───── THE DATA

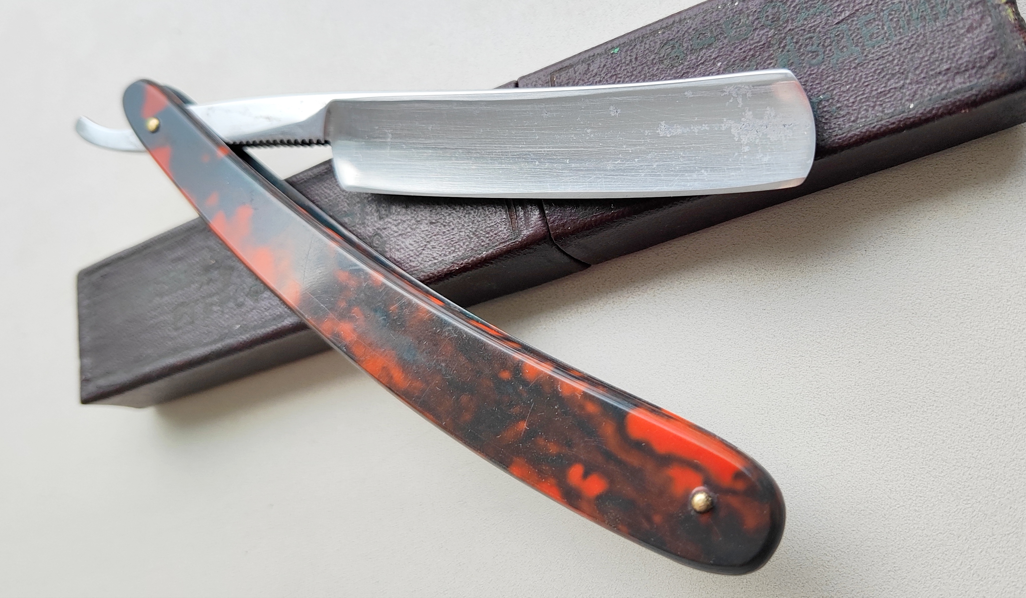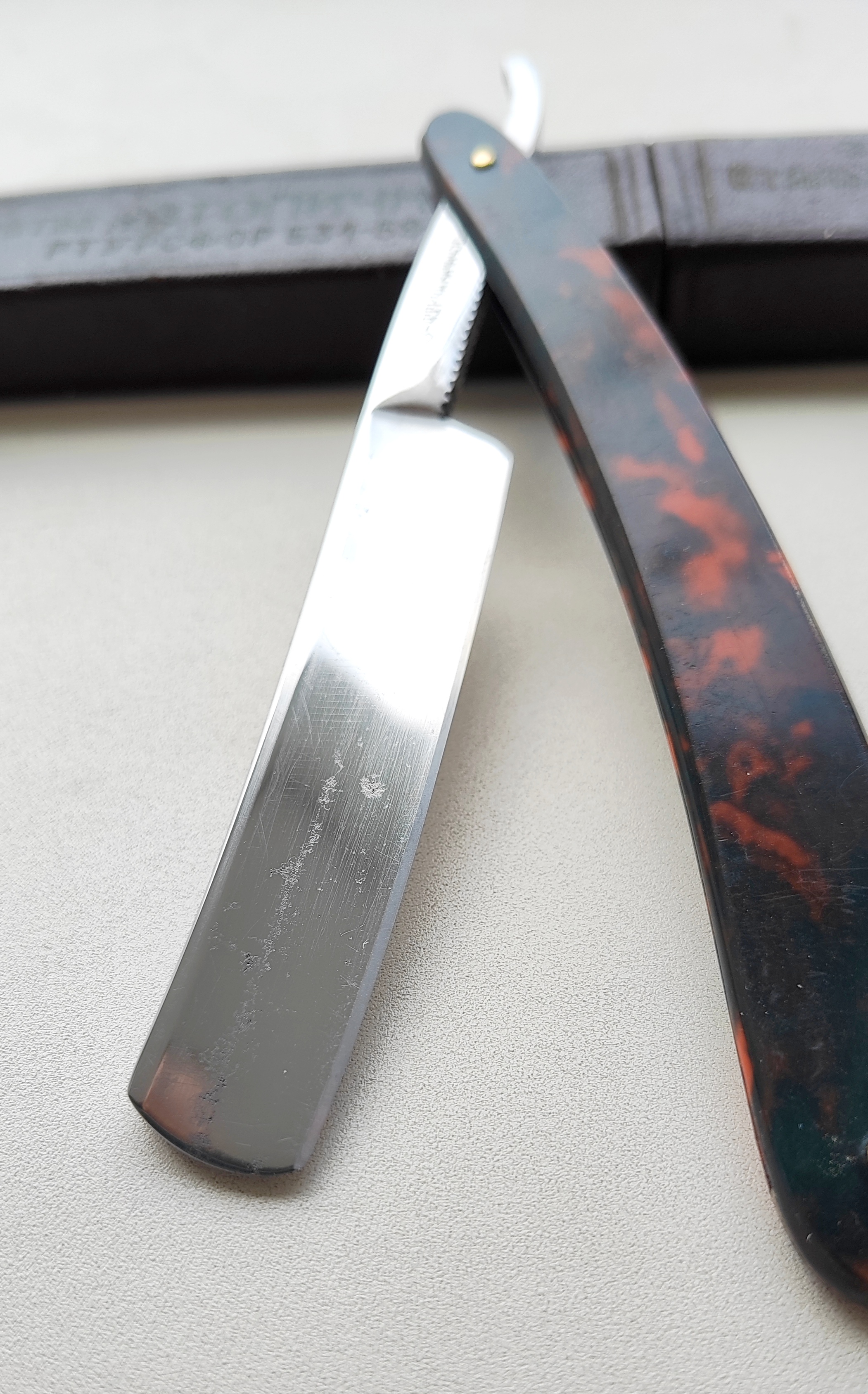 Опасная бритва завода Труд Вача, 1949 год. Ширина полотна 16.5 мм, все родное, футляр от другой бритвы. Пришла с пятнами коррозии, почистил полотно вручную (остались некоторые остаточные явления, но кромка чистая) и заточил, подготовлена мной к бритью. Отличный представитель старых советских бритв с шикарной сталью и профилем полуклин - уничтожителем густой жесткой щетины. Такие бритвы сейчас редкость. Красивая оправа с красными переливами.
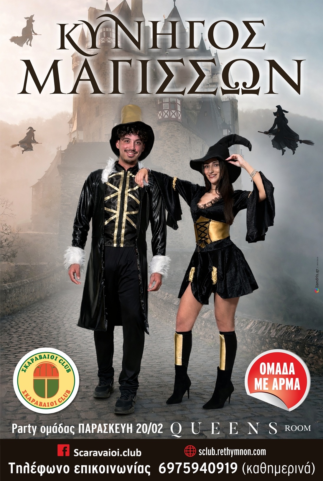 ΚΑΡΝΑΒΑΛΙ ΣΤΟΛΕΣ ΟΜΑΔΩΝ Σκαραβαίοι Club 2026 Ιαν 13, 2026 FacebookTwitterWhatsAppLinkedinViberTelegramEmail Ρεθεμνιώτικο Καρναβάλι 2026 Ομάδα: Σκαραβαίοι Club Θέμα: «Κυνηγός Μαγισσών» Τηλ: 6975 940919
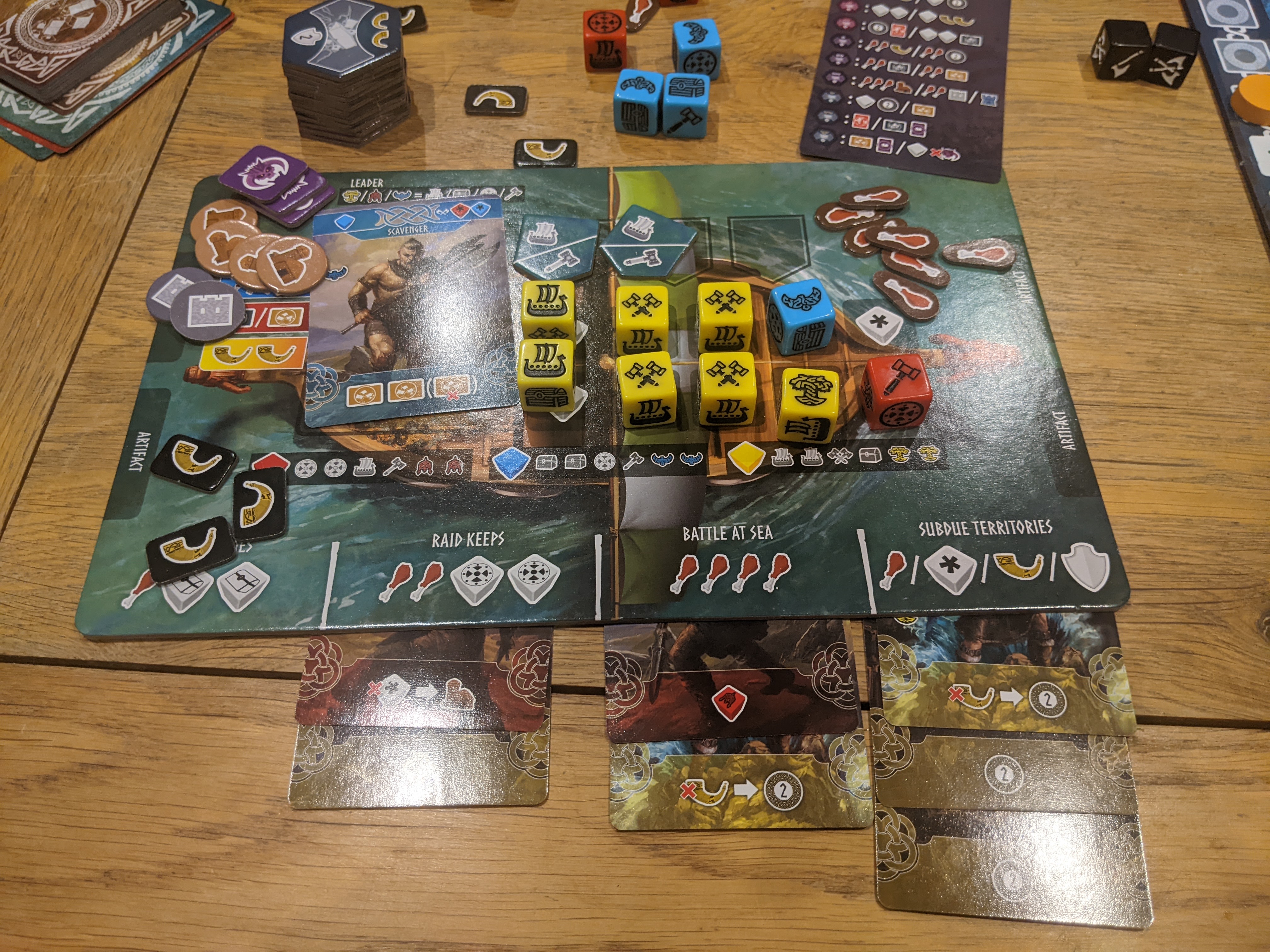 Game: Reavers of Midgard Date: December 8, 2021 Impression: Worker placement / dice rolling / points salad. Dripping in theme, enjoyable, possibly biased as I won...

──────────

▶ _TASK ITEM_
Leave the images out and transcribe the remaining data above word for word.

▶ _EXERCISE SOLUTION_
 Опасная бритва завода Труд Вача, 1949 год. Ширина полотна 16.5 мм, все родное, футляр от другой бритвы. Пришла с пятнами коррозии, почистил полотно вручную (остались некоторые остаточные явления, но кромка чистая) и заточил, подготовлена мной к бритью. Отличный представитель старых советских бритв с шикарной сталью и профилем полуклин - уничтожителем густой жесткой щетины. Такие бритвы сейчас редкость. Красивая оправа с красными переливами.
 ΚΑΡΝΑΒΑΛΙ ΣΤΟΛΕΣ ΟΜΑΔΩΝ Σκαραβαίοι Club 2026 Ιαν 13, 2026 FacebookTwitterWhatsAppLinkedinViberTelegramEmail Ρεθεμνιώτικο Καρναβάλι 2026 Ομάδα: Σκαραβαίοι Club Θέμα: «Κυνηγός Μαγισσών» Τηλ: 6975 940919
 Game: Reavers of Midgard Date: December 8, 2021 Impression: Worker placement / dice rolling / points salad. Dripping in theme, enjoyable, possibly biased as I won...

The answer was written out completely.